Let us think about this remark while examining a real-life example. In this example, our customers are mostly wholesale customers, such as stores. When a customer's sales exceed a defined threshold, they can be assigned a national account status (NAS). NAS implies that a customer will receive special discounted pricing and special merchandising assistance. This change in status can happen often. We need to be able to deal with this in our model. Therefore, we bring in our favorite dimensional consultant, who says, "This is a rapidly changing dimension. Put it in the fact table." Our consultant also tells us not to include a code table for status (which is a dimension) because the table would have two values -- national and non-national status.

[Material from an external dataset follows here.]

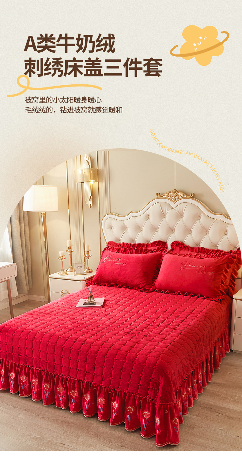 当前位置: 91家纺网 > 商品网购 > 床品套件 > 四件套 > 牛奶绒四件套 > 恒爱 2023新款A类牛奶绒羽毛床盖三件套 羽毛-喜庆红

We do this. We have approximately 150 NAS customers at any one time; we have approximately one billion rows in our sales fact table. We use Redbrick. One key characteristic of Redbrick is that it will not allow indices on non-dimension columns. NAS is a non-dimensional column, as our consultant advised, so we cannot index it. There are two things our consultant forgot to consider. First, we do not look for customer NAS only when querying sales facts. We often do so in and of itself, or as a subselect within a query. This is a big problem. Not being indexed, the DBMS must do a table scan to get the result. In effect, we scan 1 billion records to get a 150-row result set! Second, our consultant did not consider functional dependency, which would have immediately indicated that NAS was logically dependent on Customer ID + Date, and not the sales fact at all.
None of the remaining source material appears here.